13 January 2008

Dodgy donations

It was like Linus and his comfort blanket. Interviewed by Jon Sopel on the BBC's Politics Show this lunchtime, Wendy Alexander invoked her mantra three times:

"I'm confident that I will be exonerated of any wrongdoing."

Was it my imagination, or did she become more flushed with every repetition?

Her mea non culpa may of course be true in a strictly legal sense. But "wrongdoing" covers a broader category of sins. And the bottom line is that she accepted an illegal donation.

She can - and probably will - call on the "Ah didnae ken" defence. She didn't fully understand the rules; or her campaign team didn't tell her what was going on. But try that out when you are next stopped by the police: "I'm sorry, officer, I didn't realise that this was an area with a 30 mph limit." And if she is not responsible for the conduct of her campaign, then who is?
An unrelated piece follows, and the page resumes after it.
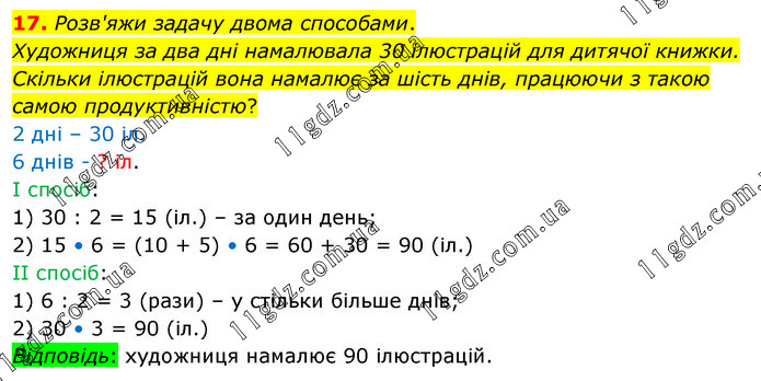 Розв'яжи задачу двома способами. Художниця за два дні намалювала 30 ілюстрацій для дитячої книжки. Скільки ілюстрацій вона намалює за шість днів, працюючи з такою самою продуктивністю? 2 дні – 30 іл. 6 днів - ? іл. І спосіб: 1) 30 : 2 = 15 (іл.) – за один день; 2) 15 • 6 = (10 + 5) • 6 = 60 + 30 = 90 (іл.) ІІ спосіб: 1) 6 : 2 = 3 (рази) – у стільки більше днів; 2) 30 • 3 = 90 (іл.) Відповідь: художниця намалює 90 ілюстрацій.

And, please, let us not pretend that all this is a technicality.

But to revert to the "wrongdoing", consider these two actions by Ms Alexander:

1. she authorised - or at least allowed - a certain MSP to solicit donations on her behalf, an MSP who was either ignorant of the rules or who chose to ignore them; and

2. she put no backstop (or at least no effective backstop) in place to check that all donations were above board, a somewhat elementary precaution (one would have thought) given the prevailing circumstances.

Neither of these is in itself a crime. But nor are they examples of best practice. Do they amount to wrongdoing?

Let us see what the Electoral Commission will say later this week.